- Exercise: The reply must contain exactly the lines below from the one with "培寶 濕巾成人綠茶護膚柔濕巾超厚 (50 入)" down to the one with "- HIGH-END MATERIAL: OUR", both included, and nothing more; please omit the pictures.

- Input records:
╔══

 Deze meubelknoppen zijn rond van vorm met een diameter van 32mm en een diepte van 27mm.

╚══
╔══

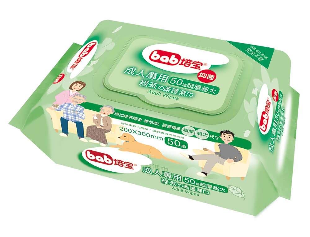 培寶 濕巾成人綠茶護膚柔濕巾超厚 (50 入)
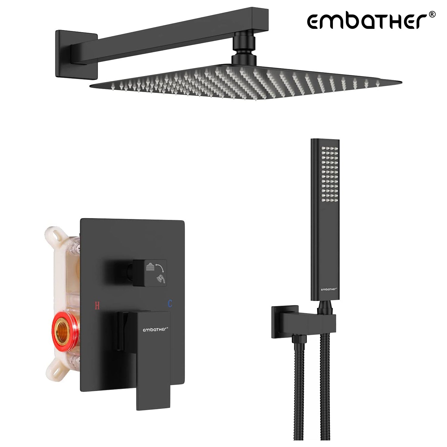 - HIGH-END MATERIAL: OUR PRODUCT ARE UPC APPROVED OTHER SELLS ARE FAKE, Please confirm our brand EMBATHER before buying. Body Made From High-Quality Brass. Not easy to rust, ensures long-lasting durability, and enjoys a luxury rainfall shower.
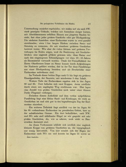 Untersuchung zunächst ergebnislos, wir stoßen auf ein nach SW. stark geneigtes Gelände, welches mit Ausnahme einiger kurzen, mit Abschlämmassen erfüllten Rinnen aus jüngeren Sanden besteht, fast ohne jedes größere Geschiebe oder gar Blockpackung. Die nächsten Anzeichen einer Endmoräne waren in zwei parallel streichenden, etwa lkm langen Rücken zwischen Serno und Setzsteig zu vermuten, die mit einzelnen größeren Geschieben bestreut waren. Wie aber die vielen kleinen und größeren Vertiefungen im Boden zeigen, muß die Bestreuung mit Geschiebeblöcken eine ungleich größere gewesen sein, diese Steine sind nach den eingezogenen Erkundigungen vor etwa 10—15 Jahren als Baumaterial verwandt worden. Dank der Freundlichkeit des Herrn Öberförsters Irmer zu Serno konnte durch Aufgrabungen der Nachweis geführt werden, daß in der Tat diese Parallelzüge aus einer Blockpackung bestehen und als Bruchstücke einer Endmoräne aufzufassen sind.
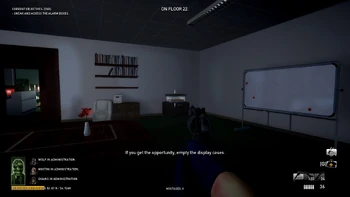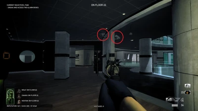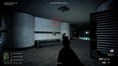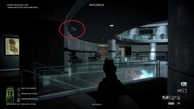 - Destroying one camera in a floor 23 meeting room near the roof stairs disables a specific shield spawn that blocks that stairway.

╚══

- Solution below:
 培寶 濕巾成人綠茶護膚柔濕巾超厚 (50 入)
 - HIGH-END MATERIAL: OUR PRODUCT ARE UPC APPROVED OTHER SELLS ARE FAKE, Please confirm our brand EMBATHER before buying. Body Made From High-Quality Brass. Not easy to rust, ensures long-lasting durability, and enjoys a luxury rainfall shower.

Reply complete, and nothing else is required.